为什么以及在何处使用 align 16 进行 SSE 对齐以获取指令? [英] Why and where align 16 is used for SSE alignment for instructions?

查看:48
本文介绍了为什么以及在何处使用 align 16 进行 SSE 对齐以获取指令?的处理方法,对大家解决问题具有一定的参考价值,需要的朋友们下面随着小编来一起学习吧!

问题描述

我正在阅读 Apress 的现代 x86 汇编语言书籍.对于编程 64 位 SSE 示例,作者将 align 16 放在代码中的特定点上.例如

I am reading Modern x86 Assembly language book from Apress. For programming 64 bit SSE examples the author puts align 16 to a particular point in the code. E.g

    .code
ImageUint8ToFloat_ proc frame
_CreateFrame U2F_,0,64               ; helper macros to create prolog
_SaveXmmRegs xmm10,xmm11,xmm12,xmm13 ; helper macros to create prolog

_EndProlog  ; helper macros to create prolog

...

shrd r8d,
pxor xmm5,xmm5

align 16  ; Why this is here ?
@@:
movdqa xmm0,xmmword ptr [rdx]
movdqa xmm10,xmmword ptr [rdx+16]

movdqa xmm2,xmm0
punpcklbw xmm0,xmm5
punpckhbw xmm2,xmm5
movdqa xmm1,xmm0
movdqa xmm3,xmm2

...

作者解释说有必要放置align 16,因为我们使用的是SSE,以便指令本身对齐.没关系.我的问题是为什么作者选择将 align 16 放在该特定位置.作为程序员,我应该如何决定 align 16 的正确位置?为什么不早一点或晚一点?

The author explains it is necessary to put align 16 since we are using SSE so that instructions themselves are aligned. That's fine. My question is why the author choose to put align 16 to that particular location. As a programmer how should I decide for the correct location of align 16 ? Why not earlier or later ?

推荐答案

没有必要.偶尔有益.

现代处理器以 16 字节(或者可能是 32 字节,AMD 做一些奇怪的事情)字节为单位获取代码.当然是对齐的.如果你跳到这样一个块的末尾,你会浪费大部分的提取,并且在那个周期中你只解码了 1 条或许多 0 指令.这是一个巨大的浪费,所以最好跳到一个块的开头.

Modern processors fetch code in blocks of 16 (or maybe 32, sort of, AMD does weird things) bytes.
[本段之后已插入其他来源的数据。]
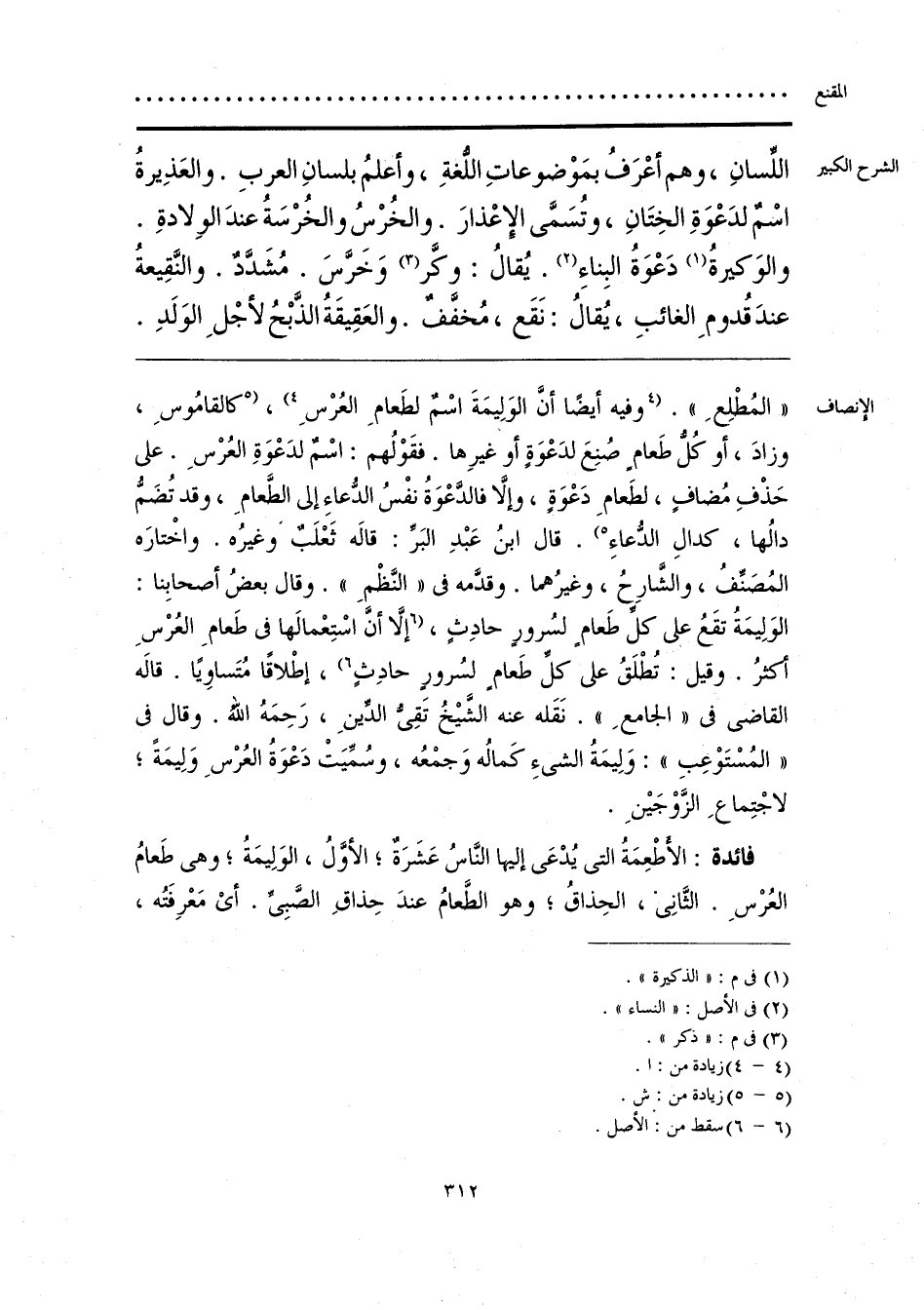 «المُطْلِعِ». [وفيه أيضًا أنَّ الوَلِيمَةَ اسْمٌ لطَعامِ العُرْسِ] (¬1)، [كالقامُوسِ، وزادَ، أو كُلُّ طَعامٍ صُنِعَ لدَعْوَةٍ أو غيرِها. فقَوْلُهم: اسْمٌ لدَعْوَةِ العُرْسِ. على حَذْفِ مُضافٍ، لطَعام دَعْوَةٍ، وإلَّا فالدَّعْوَةُ نفْسُ الدُّعاءِ إلى الطَّعامِ، وقد تُضَمُّ دالُها، كدالِ الدُّعاءِ] (¬2). قال ابنُ عَبْدِ البَرِّ: قالَه ثَعْلَبٌ وغيرُه. واخْتارَه المُصَنِّفُ، والشَّارِحُ، وغيرُهما. وقدَّمه فى «النَّظْمِ». وقال بعضُ أصحابِنا: الوَلِيمَةُ تقَعُ على كل طَعامٍ لسُرورٍ حادِثٍ، [إلَّا أنَّ اسْتِعْمالَها فى طَعامِ العُرْسِ أكثرُ. وقيل: تُطْلَقُ على كلِّ طَعامٍ لسُرورٍ حادِثٍ] (¬3)، إطْلاقًا مُتَساوِيًا. قالَه القاضى فى «الجامعِ». نَقَله عنه الشَّيْخُ تَقِىُّ الدِّينِ، رَحِمَهُ اللَّهُ. وقال فى «المُسْتَوْعِبِ»: وَلِيمَةُ الشئِ كَمالُه وَجمْعُه، وسُمِّيَتْ دَعْوَةُ العُرْسِ وَلِيمَةً؛ لاجْتِماعَ الزَّوْجَيْنِ.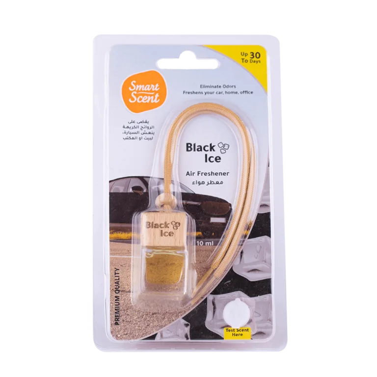 • الرائحة: بلاك ايس, يجدد وينعش الهواء في السيارة أو المكان يترك المكان معطراً
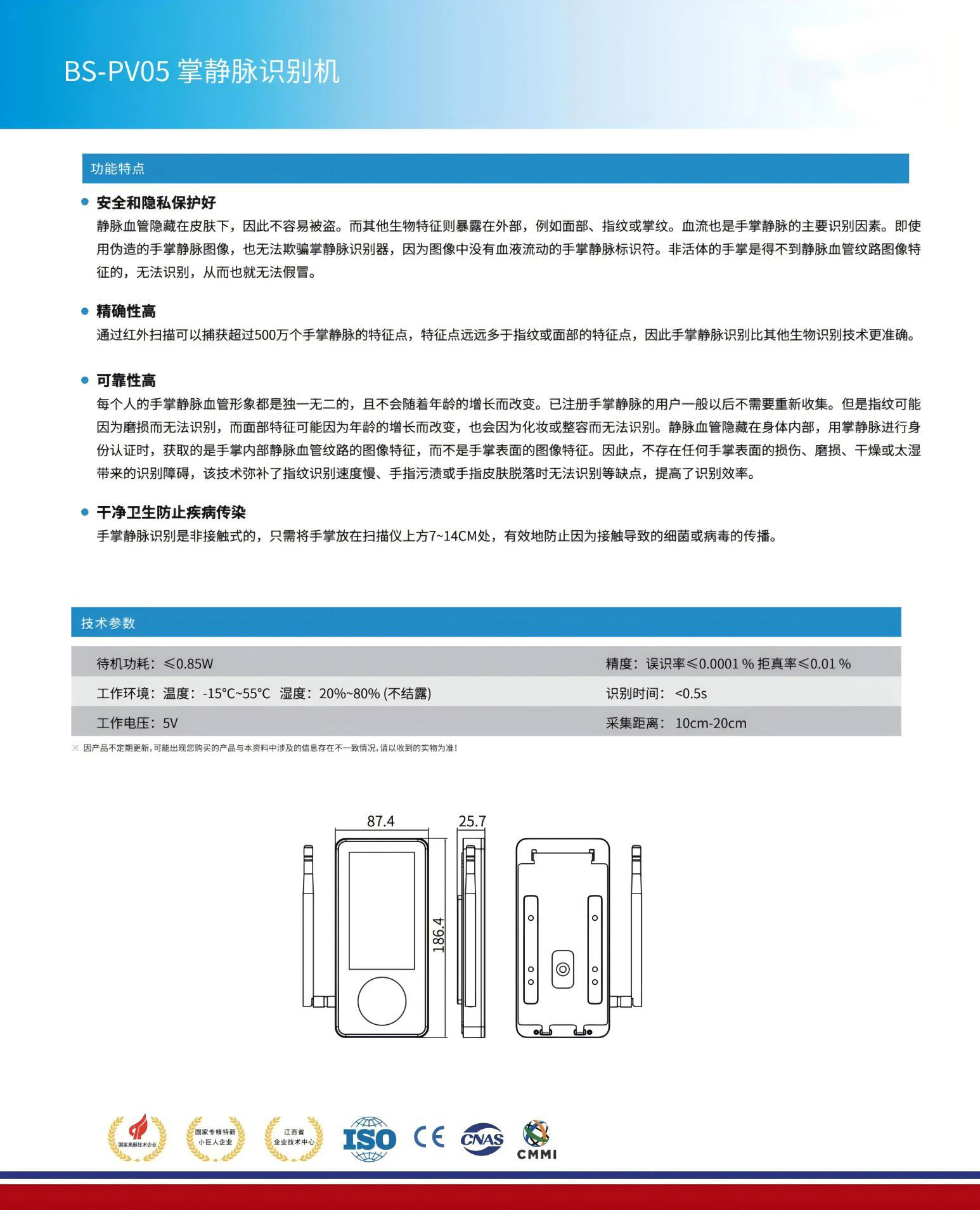 手掌靜脈識別是非接觸式的,只需將手掌放在掃描儀上方7~14CM處,有效地防止因為接觸導(dǎo)致的細(xì)菌或病毒的傳播。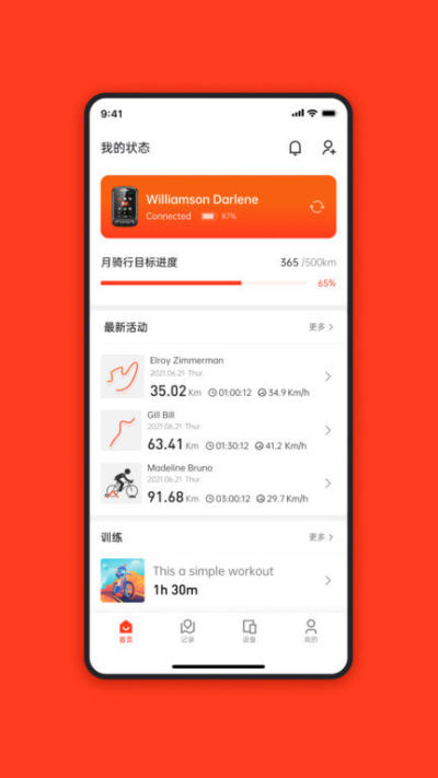 与 iGPSPORT 官网账户同步,实现多端数据统一,随时随地在手机上查看个人骑行档案。

Aligned, of course. If you jump near the end of such a block, you waste most of that fetch, and in that cycle you decode only 1 or many 0 instructions. That's a giant waste, so it's better to jump to the start of a block.
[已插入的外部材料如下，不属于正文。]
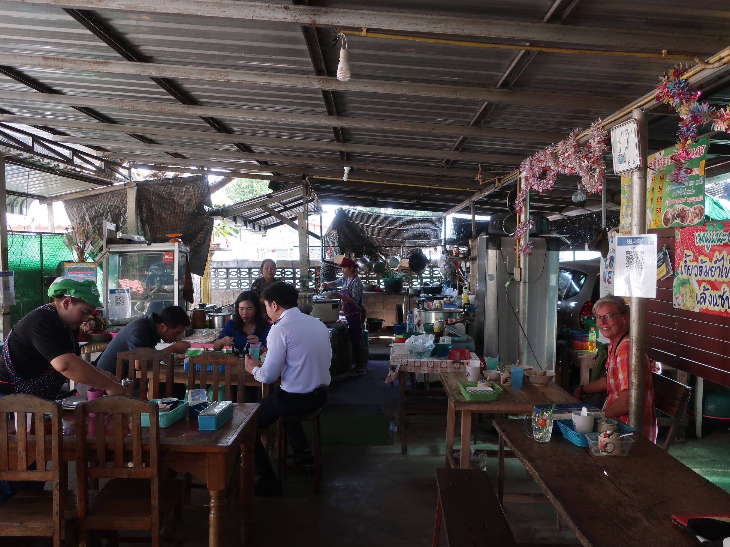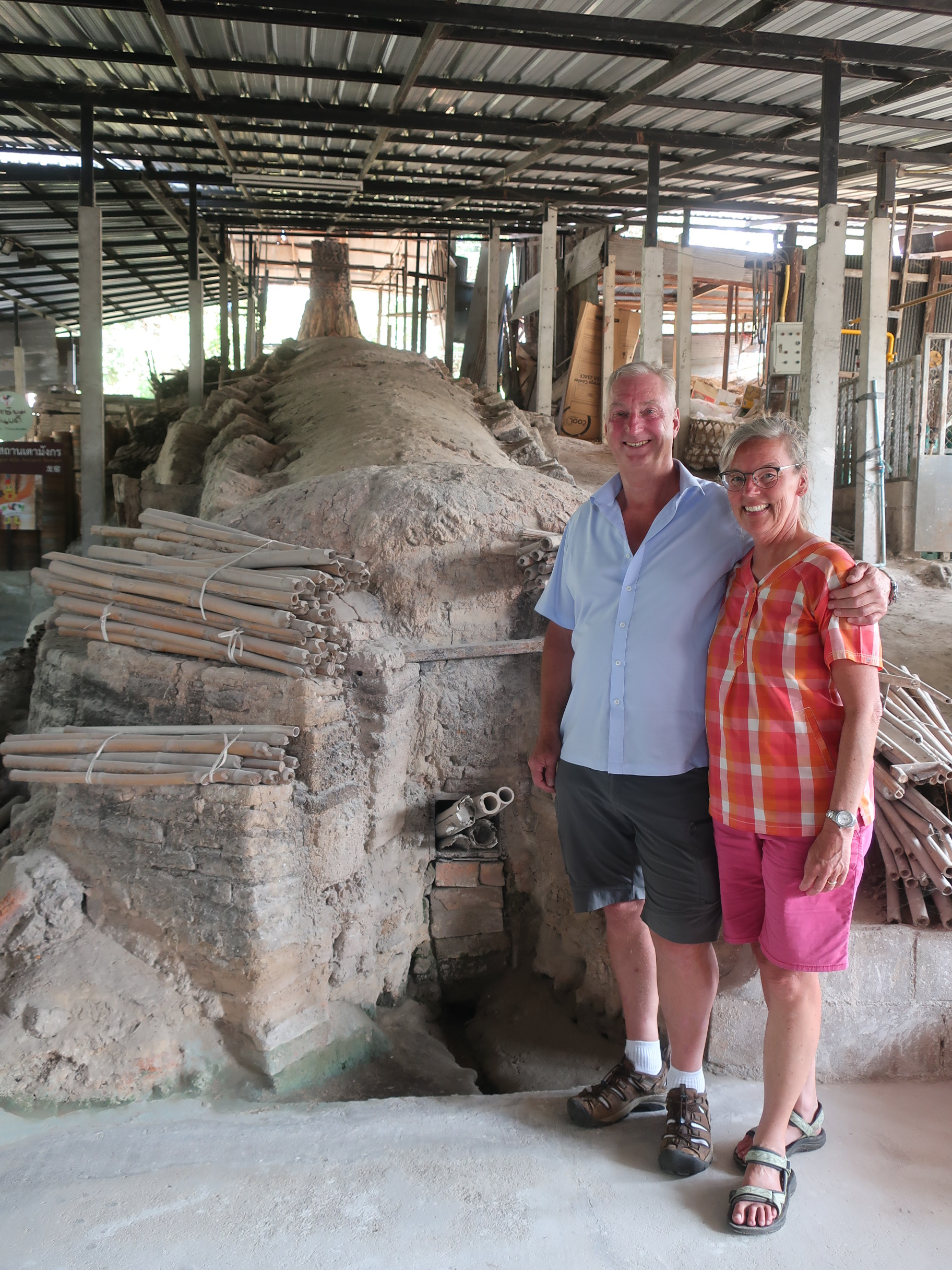 For at understrege hvor lokal og betydningsfuld produktionen af porcelænsskålen er, har man valgt at bevare den oprindelige brændeovn, som grundlæggeren selv byggede, og som stadig blev brugt indtil for 16 år siden. Det tog 14 dage at fylde den op med porcelæn, 7 dage at brænde porcelænet og 7 dage at køle porcelænet ned igen. Så en måneds produktion var én brænding. Ovnen blev fyret udelukkende med bambus.Som tidligere nævnt indtager vi typiske vores frokost måltid på et suppekøkken. Det smager fantastisk. Også her bliver maden serveret i kopier af den originale Chicken Bowl. Det skal måske nævnes, at alt det med haner og kyllinger alle vegne i Lampang først faldt på plads for os, da vi havde været forbi det lokale museum og fabrikken.

这并不总是重要的,例如代码是否在循环缓冲区或 µop 缓存中(如果存在).通常,几乎所有循环都适合 µops 缓存,在比 SandyBridge 更早的处理器上,很容易创建一个不适合循环缓冲区的循环,这使得获取吞吐量变得很重要.即使循环可以放入循环缓冲区,对齐仍然对 Core2 有所帮助,因为未对齐有效地使循环缓冲区更小(它基于 16 字节的代码块,在预解码后缓存).还有一些更奇怪的细节,但都是关于古代 µarchs 的,所以我会跳过它.关键是,在像 Nehalem 和更老的 µarchs 上,你应该经常对齐循环.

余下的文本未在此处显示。